# Mites or Lice? young kids



## amomwgoats (May 31, 2017)

I've read through some previous posts but am still confused and feel so badly about our goat kids, they are 6 weeks old. I posted before because when we got them, they had lice (I'm almost positive they were sucking lice, looked just like pics). So I was treating them weekly with Python livestock dust and DE. The DE knocked out the moving older ones before I used the Python and we have seen less and less, can't find anything living or nits now and I check often.
However, I noticed the little ones are still itching like crazy, and I looked closer at their legs, belly and hooves and they look awful with sores/scabs So now I'm wondering if it's mites?

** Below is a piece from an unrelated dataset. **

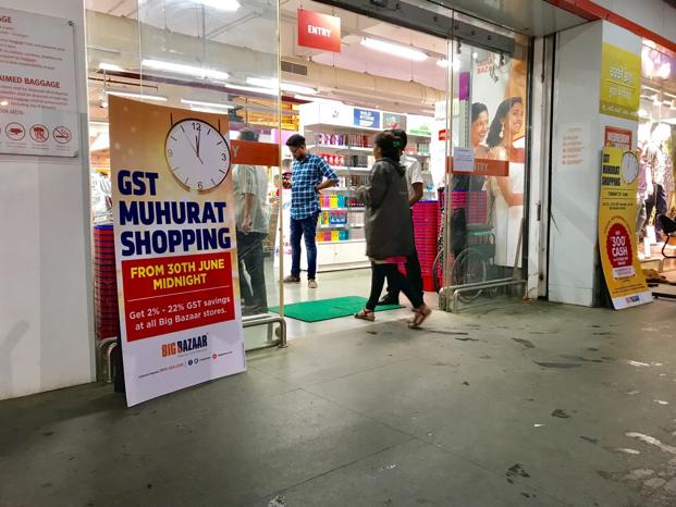 At 12:00 am on July 1, when the GST was launched from the Central Hall of Parliament, Big Bazaar opened its doors for two hours till 2 am, offering heavy discount and cashback offers to its customers. The sale, termed as "GST Muhurat Offer" by the retailer, was a huge success as people thronged the stores in huge numbers. The discount offer continues on its products where the company claimed that customer can save up to 22 per cent.

How is their Mama not showing any symptoms? I've checked her and she seems fine, never scratches either.
One other goat has a weird white bumpy circular lesion on his ear but that's all I see in the other goats.

What can I give them for immediate relief on the sores and then what to use to get rid of mites or whatever it is? I was thinking coconut oil, or a bath in something like Neem or diluted tea tree oil? I'm used to dealing with chickens and don't know what I can use on goats. I know I need to treat all of them as well, and clean bedding/sprinkle bedding.

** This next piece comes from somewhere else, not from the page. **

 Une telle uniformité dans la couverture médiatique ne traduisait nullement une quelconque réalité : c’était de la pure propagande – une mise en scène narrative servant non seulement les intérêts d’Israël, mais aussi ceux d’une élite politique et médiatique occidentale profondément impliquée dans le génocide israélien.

I also have Ivermectin horse paste, which I know many people say you can't use with goats, but I don't see the difference between it and the injectable Ivermectin given orally?

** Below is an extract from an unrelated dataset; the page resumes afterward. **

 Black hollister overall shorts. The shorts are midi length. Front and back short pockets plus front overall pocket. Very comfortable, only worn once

I'd rather not do injectable as I haven't done that yet, and I've been reading that maybe Ivermectin plus but oral, or Cylene (sp?)? The mama is still nursing as well.

I've also seen that humans can get mites but not lice? Should my kids not be handling them much?
(I also noticed their hooves need trimmed after looking at them today, had no idea they would need trimmed this early and as they climb all over things all day long!)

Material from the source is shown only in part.